What this task involves >> Your task is to copy the data exactly while leaving out every picture.

Exercise data >>
━━━━━━━━━━━━━━━━━━━━

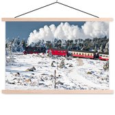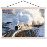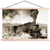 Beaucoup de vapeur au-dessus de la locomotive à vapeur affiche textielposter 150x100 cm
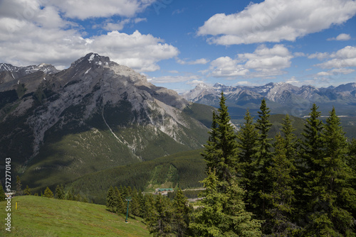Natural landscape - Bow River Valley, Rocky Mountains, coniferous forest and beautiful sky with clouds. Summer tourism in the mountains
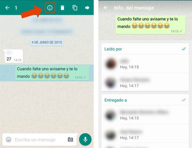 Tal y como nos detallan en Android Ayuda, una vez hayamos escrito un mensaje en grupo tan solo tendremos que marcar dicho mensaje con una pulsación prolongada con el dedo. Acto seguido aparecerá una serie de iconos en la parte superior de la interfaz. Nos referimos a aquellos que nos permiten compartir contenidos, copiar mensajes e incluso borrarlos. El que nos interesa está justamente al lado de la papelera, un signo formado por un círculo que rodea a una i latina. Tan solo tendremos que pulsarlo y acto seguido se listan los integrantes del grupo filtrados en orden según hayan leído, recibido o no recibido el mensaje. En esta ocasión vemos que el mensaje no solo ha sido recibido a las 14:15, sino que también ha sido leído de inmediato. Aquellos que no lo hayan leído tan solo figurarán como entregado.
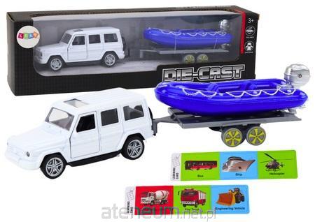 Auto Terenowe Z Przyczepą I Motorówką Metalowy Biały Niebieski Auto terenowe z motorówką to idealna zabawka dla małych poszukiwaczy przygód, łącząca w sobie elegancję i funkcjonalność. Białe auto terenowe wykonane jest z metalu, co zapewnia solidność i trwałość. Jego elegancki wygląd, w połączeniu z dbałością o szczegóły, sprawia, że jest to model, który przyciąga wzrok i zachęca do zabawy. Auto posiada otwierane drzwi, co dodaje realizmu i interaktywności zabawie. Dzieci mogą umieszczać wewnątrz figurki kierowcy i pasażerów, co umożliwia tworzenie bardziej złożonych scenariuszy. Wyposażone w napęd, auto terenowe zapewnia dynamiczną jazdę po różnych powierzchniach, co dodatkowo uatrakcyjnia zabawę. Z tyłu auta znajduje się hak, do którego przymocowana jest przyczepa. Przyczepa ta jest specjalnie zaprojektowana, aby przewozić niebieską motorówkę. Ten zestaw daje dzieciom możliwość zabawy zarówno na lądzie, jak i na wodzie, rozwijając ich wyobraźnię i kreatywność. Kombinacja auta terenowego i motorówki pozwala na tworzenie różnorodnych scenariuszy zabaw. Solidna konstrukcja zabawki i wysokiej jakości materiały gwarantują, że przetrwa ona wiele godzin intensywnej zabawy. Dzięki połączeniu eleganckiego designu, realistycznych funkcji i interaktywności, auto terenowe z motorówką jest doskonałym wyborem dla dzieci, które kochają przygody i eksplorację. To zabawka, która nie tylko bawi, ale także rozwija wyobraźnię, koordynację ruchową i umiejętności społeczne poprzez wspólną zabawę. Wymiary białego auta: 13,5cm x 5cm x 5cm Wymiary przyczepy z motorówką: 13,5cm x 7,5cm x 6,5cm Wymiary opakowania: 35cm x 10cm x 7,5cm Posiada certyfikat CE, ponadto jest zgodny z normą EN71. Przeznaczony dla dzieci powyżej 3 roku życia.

━━━━━━━━━━━━━━━━━━━━

Solution to this exercise >>
 Beaucoup de vapeur au-dessus de la locomotive à vapeur affiche textielposter 150x100 cm
Natural landscape - Bow River Valley, Rocky Mountains, coniferous forest and beautiful sky with clouds. Summer tourism in the mountains
 Tal y como nos detallan en Android Ayuda, una vez hayamos escrito un mensaje en grupo tan solo tendremos que marcar dicho mensaje con una pulsación prolongada con el dedo. Acto seguido aparecerá una serie de iconos en la parte superior de la interfaz. Nos referimos a aquellos que nos permiten compartir contenidos, copiar mensajes e incluso borrarlos. El que nos interesa está justamente al lado de la papelera, un signo formado por un círculo que rodea a una i latina. Tan solo tendremos que pulsarlo y acto seguido se listan los integrantes del grupo filtrados en orden según hayan leído, recibido o no recibido el mensaje. En esta ocasión vemos que el mensaje no solo ha sido recibido a las 14:15, sino que también ha sido leído de inmediato. Aquellos que no lo hayan leído tan solo figurarán como entregado.
 Auto Terenowe Z Przyczepą I Motorówką Metalowy Biały Niebieski Auto terenowe z motorówką to idealna zabawka dla małych poszukiwaczy przygód, łącząca w sobie elegancję i funkcjonalność. Białe auto terenowe wykonane jest z metalu, co zapewnia solidność i trwałość. Jego elegancki wygląd, w połączeniu z dbałością o szczegóły, sprawia, że jest to model, który przyciąga wzrok i zachęca do zabawy. Auto posiada otwierane drzwi, co dodaje realizmu i interaktywności zabawie. Dzieci mogą umieszczać wewnątrz figurki kierowcy i pasażerów, co umożliwia tworzenie bardziej złożonych scenariuszy. Wyposażone w napęd, auto terenowe zapewnia dynamiczną jazdę po różnych powierzchniach, co dodatkowo uatrakcyjnia zabawę. Z tyłu auta znajduje się hak, do którego przymocowana jest przyczepa. Przyczepa ta jest specjalnie zaprojektowana, aby przewozić niebieską motorówkę. Ten zestaw daje dzieciom możliwość zabawy zarówno na lądzie, jak i na wodzie, rozwijając ich wyobraźnię i kreatywność. Kombinacja auta terenowego i motorówki pozwala na tworzenie różnorodnych scenariuszy zabaw. Solidna konstrukcja zabawki i wysokiej jakości materiały gwarantują, że przetrwa ona wiele godzin intensywnej zabawy. Dzięki połączeniu eleganckiego designu, realistycznych funkcji i interaktywności, auto terenowe z motorówką jest doskonałym wyborem dla dzieci, które kochają przygody i eksplorację. To zabawka, która nie tylko bawi, ale także rozwija wyobraźnię, koordynację ruchową i umiejętności społeczne poprzez wspólną zabawę. Wymiary białego auta: 13,5cm x 5cm x 5cm Wymiary przyczepy z motorówką: 13,5cm x 7,5cm x 6,5cm Wymiary opakowania: 35cm x 10cm x 7,5cm Posiada certyfikat CE, ponadto jest zgodny z normą EN71. Przeznaczony dla dzieci powyżej 3 roku życia.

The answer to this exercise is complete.